Anne outlined her plan. They would constantly redirect her mother’s scrutiny to the two most eager victims in the county: Mr Collins and Sir William Lucas. They would utilise the two visiting gentlemen as unwitting human barricades.

“It is genius,” Robert whispered in awe, staring at his cousin. “Annie, you are a menace, and I love you.”

“Think of it,” Anne continued, pacing the rug.

“Mr Collins begs for her condescension. Sir William is so dazzled by the chandeliers he barely knows what day it is. Whenever Fitzwilliam needs to speak with Elizabeth, one of us will ask Mother her opinion on the optimal height of a pulpit, or the proper method for presenting a knighthood. She will corner them and will lecture them for hours. They will be so honoured they will not even realise they are being sacrificed for your love life.”

“It is slightly cruel to them. They might be dull, but they are good men,” Darcy said with a twinge of guilt for the poor victims.

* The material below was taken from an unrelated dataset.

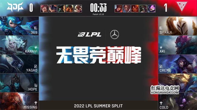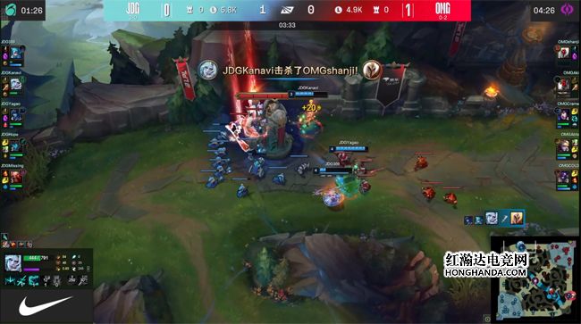大龙出生前JDG双C在自家野区阵亡,OMG提速拔掉五座外塔,同时手握两条小龙,经济领先9千。中期OMG抢先落位小龙河道,打出0换3“听牌”了水龙魂,减员严重的JDG只能目送OMG收下大龙。船长上路单带时被JDG上中野抓死,不过OMG也在中路击杀了JDG双人组,推掉中路水晶后双方经济差接近一万五。26分钟JDG在小龙河道背水一战,COLD的泰坦先手Q钩到沙皇,Creme的飞机携带炸药包传送绕后分割阵型,帮助卡莎斩获四杀,OMG摧枯拉朽打出0换5团灭JDG,平推中路一波结束比赛,1-0先下一城!

“Mr Collins enjoys it, sir,” Dawson chimed in from the door. “He views her Ladyship’s lectures as spiritual nourishment. We are providing him with a feast. And fear not. Sir William is made of sterner stuff; he will survive.”

“Then it is settled,” Robert announced, wiping the slate clean with a cloth. “The Council of War has spoken. Anne is our spy. Richard is our diplomat. I am the romantic architect. And Collins and Sir William are the sacrificial lambs.”

“And what am I?” Darcy asked, looking at his cousin.

Robert walked over and placed a hand on Darcy’s shoulder.

“You, Fitzwilliam, are going to learn how to be human,” Robert said gently. “You shall walk into the sunlight, you shall be magnificent, you shall look the woman straight in the eye, and you shall prove to her that the man who wrote that madcap letter is a man worth saving.”

Darcy swallowed hard. The fear returned, but this time, it was mixed with a small kernel of hope.

“I am at your disposal, Robert,” Darcy said.

“I know.” The viscount grinned devilishly. “And I intend to enjoy every single miserable second of it. Now, Boodles! Dawson! Pour the brandy! We have a courtship to construct!”